> _Task goal_
Except for the pictures, output the records in full and exactly.

> _Extracted data entries_
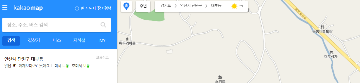다음지도에서 카카오맵이랑 바뀐게 없죠. 거의 비슷합니다. 일단 저는 단원구에 살기는 한데요. 일단 보시면 현재 카카오맵을 볼수가 있는데요.
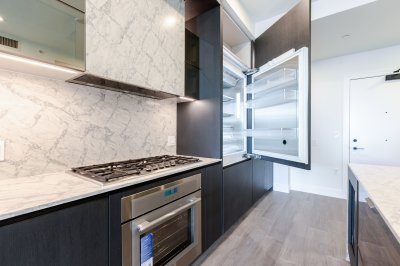 Monaco, White Rock's newest and most prestigious high rise. Ocean View home has it all from 18' gourmet kitchen featuring Thermador. Built in appliances from the fridge, cooktop, wine fridge, microwave, and oven. Cabinets feature pull outs everywhere. Master suite is large with massive closet space and more built ins. Ensuite is tiled to the ceiling, recessed mirrors, shelving, bidet, and heated floors. Flex space could be set up as a dining room or 3rd bedroom. Secondary bedroom is bright large and has loads of closet space. 2 Parking spaces (one with EV roughed in) storage locker. Air conditioned and ready to move in. There are 2 common social areas for entertaining a complete lounge area with kitchen and a 5th floor outdoor oasis including BBQ and Panoramic Views. Awesome gym as well.
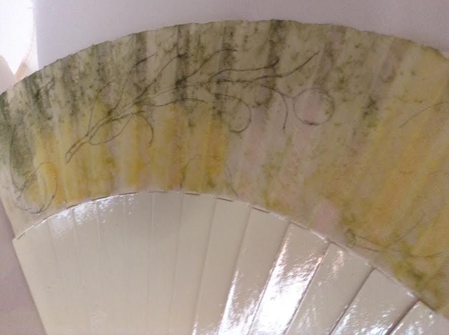 Una vez seco el fondo planteo un dibujo,siempre digo que los dibujos hay que hacerlos en papel vegetal para luego pasarlo al abanico,pero también lo puedes hacer directamente,y eso es lo que he hecho yo en en este caso.
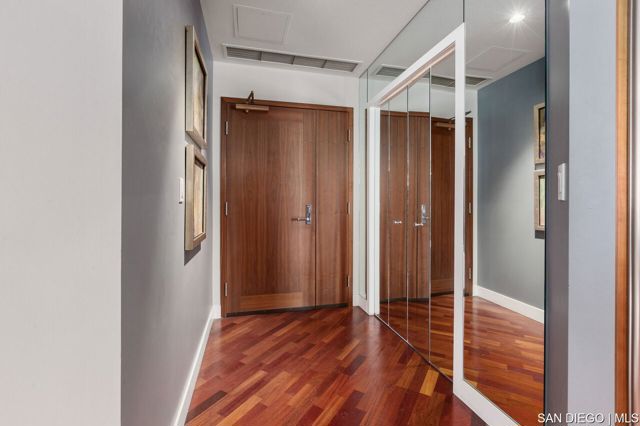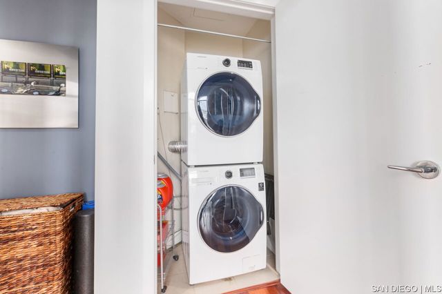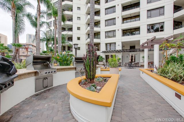 Welcome to Park Place, an iconic tower in downtown's sought-after Marina District. Enjoy unparalleled walkability to Seaport Village, Little Italy, dining, parks, waterfront attractions, and brand new RaDD building featuring Equinox, Board&Brew, and more to come! The complex also features a year-round heated pool and spa, as well as a fully-equipped gym, providing a perfect oasis for relaxation, fitness, and leisure in any season. Unit 806 offers a spacious one-bedroom layout with two full bathrooms and a versatile den that can be used as a second bedroom. The open living area features hardwood floors and a built-in bar with a wine fridge, perfect for entertaining. The gourmet kitchen includes a Subzero fridge and custom touches. Enjoy the convenience of two dedicated parking spaces and a separate storage unit with direct access from your parking space, complete with 24-hour guard services. This fully furnished home features a nearly new Restoration Hardware couch that transforms into a king bed, making it ready for immediate move-in. Experience urban luxury at Park Place where prime location meets sophisticated living. Don't miss your chance to own a piece of downtown's skyline!
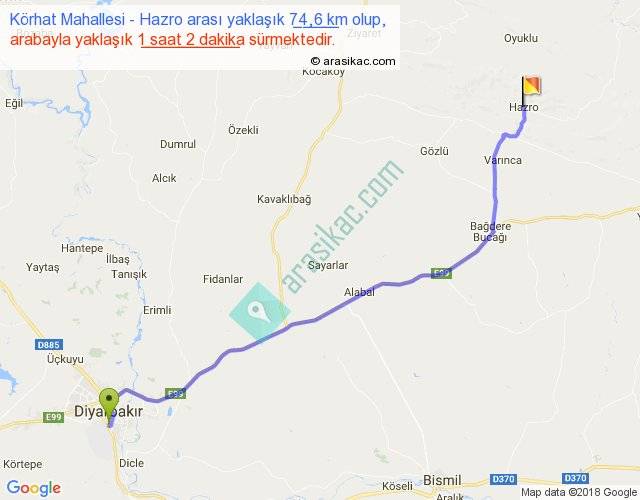 Körhat Mahallesi - Hazro arası yaklaşık olarak 90 km/h ile yukarıda belirtilen sürede olup, iki yerin kuş uçuşu uzaklığı (mesafesi) 62'dir. Yolculuk otobüsle 1 saat 20 dakika sürmektedir.
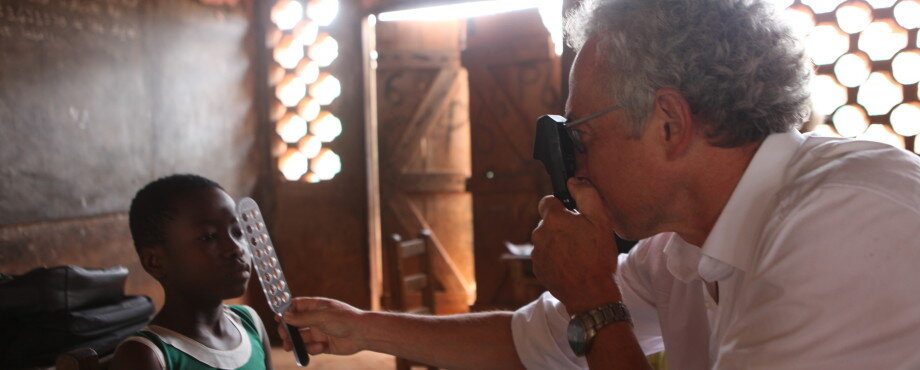Auch Otto Dollinger lässt sich nicht aus der Ruhe bringen: „Auf so etwas muss man hier immer gefasst sein.“ Der Augenarzt vom RC Biberach an der Riß ist für zwei Wochen für die German Rotary Volunteer Doctors (GRVD) mit seiner Frau, einer Orthoptistin, nach Ghana gereist. Ehrenamtlich arbeiten sie am Krankenhaus in Techiman. Es ist nicht ihr erster Einsatz für GRVD. Auch nicht ihr erster Einsatz im Outreach. „Wir sind zusammen mit einem neunköpfigen Team der Augenklinik heute morgen um sechs Uhr aufgebrochen. Ziel sind vier Dörfer, die wir heute anfahren.“
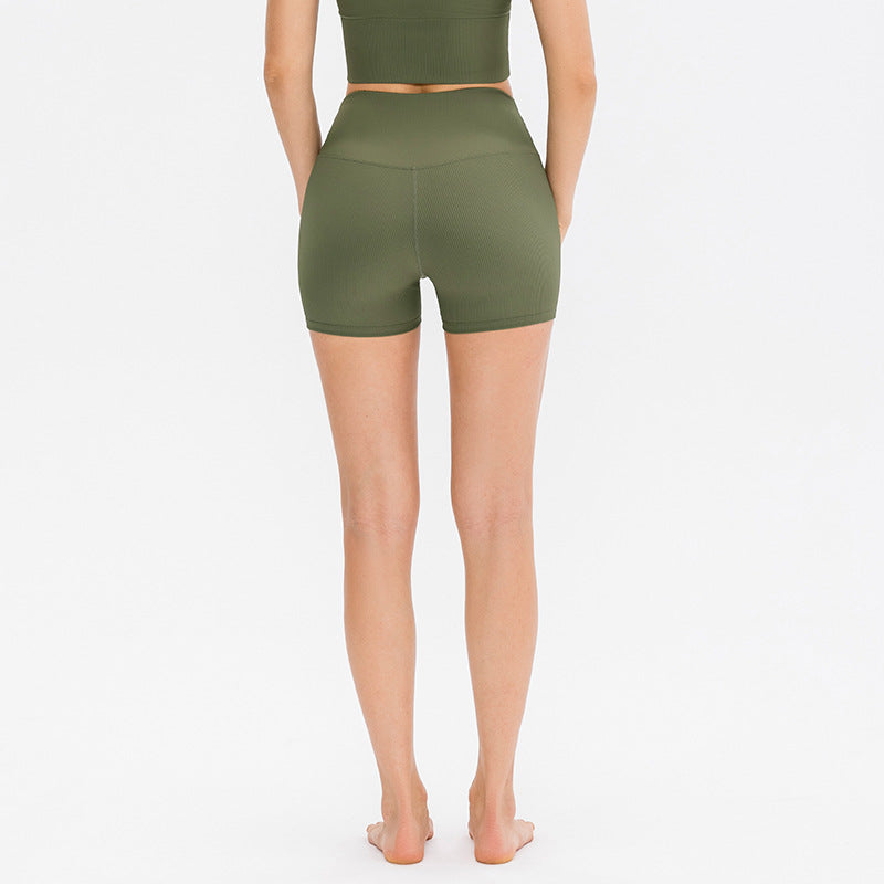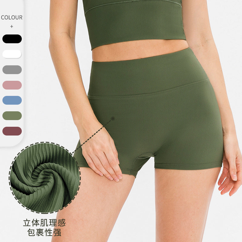 2024 new colors 2022 spring and summer new high waist shorts nude T-line yoga pants women's European and American peach hip lift three-point fitness pants

> _Problem solution_
다음지도에서 카카오맵이랑 바뀐게 없죠. 거의 비슷합니다. 일단 저는 단원구에 살기는 한데요. 일단 보시면 현재 카카오맵을 볼수가 있는데요.
 Monaco, White Rock's newest and most prestigious high rise. Ocean View home has it all from 18' gourmet kitchen featuring Thermador. Built in appliances from the fridge, cooktop, wine fridge, microwave, and oven. Cabinets feature pull outs everywhere. Master suite is large with massive closet space and more built ins. Ensuite is tiled to the ceiling, recessed mirrors, shelving, bidet, and heated floors. Flex space could be set up as a dining room or 3rd bedroom. Secondary bedroom is bright large and has loads of closet space. 2 Parking spaces (one with EV roughed in) storage locker. Air conditioned and ready to move in. There are 2 common social areas for entertaining a complete lounge area with kitchen and a 5th floor outdoor oasis including BBQ and Panoramic Views. Awesome gym as well.
 Una vez seco el fondo planteo un dibujo,siempre digo que los dibujos hay que hacerlos en papel vegetal para luego pasarlo al abanico,pero también lo puedes hacer directamente,y eso es lo que he hecho yo en en este caso.
 Welcome to Park Place, an iconic tower in downtown's sought-after Marina District. Enjoy unparalleled walkability to Seaport Village, Little Italy, dining, parks, waterfront attractions, and brand new RaDD building featuring Equinox, Board&Brew, and more to come! The complex also features a year-round heated pool and spa, as well as a fully-equipped gym, providing a perfect oasis for relaxation, fitness, and leisure in any season. Unit 806 offers a spacious one-bedroom layout with two full bathrooms and a versatile den that can be used as a second bedroom. The open living area features hardwood floors and a built-in bar with a wine fridge, perfect for entertaining. The gourmet kitchen includes a Subzero fridge and custom touches. Enjoy the convenience of two dedicated parking spaces and a separate storage unit with direct access from your parking space, complete with 24-hour guard services. This fully furnished home features a nearly new Restoration Hardware couch that transforms into a king bed, making it ready for immediate move-in. Experience urban luxury at Park Place where prime location meets sophisticated living. Don't miss your chance to own a piece of downtown's skyline!
 Körhat Mahallesi - Hazro arası yaklaşık olarak 90 km/h ile yukarıda belirtilen sürede olup, iki yerin kuş uçuşu uzaklığı (mesafesi) 62'dir. Yolculuk otobüsle 1 saat 20 dakika sürmektedir.
Auch Otto Dollinger lässt sich nicht aus der Ruhe bringen: „Auf so etwas muss man hier immer gefasst sein.“ Der Augenarzt vom RC Biberach an der Riß ist für zwei Wochen für die German Rotary Volunteer Doctors (GRVD) mit seiner Frau, einer Orthoptistin, nach Ghana gereist. Ehrenamtlich arbeiten sie am Krankenhaus in Techiman. Es ist nicht ihr erster Einsatz für GRVD. Auch nicht ihr erster Einsatz im Outreach. „Wir sind zusammen mit einem neunköpfigen Team der Augenklinik heute morgen um sechs Uhr aufgebrochen. Ziel sind vier Dörfer, die wir heute anfahren.“
 2024 new colors 2022 spring and summer new high waist shorts nude T-line yoga pants women's European and American peach hip lift three-point fitness pants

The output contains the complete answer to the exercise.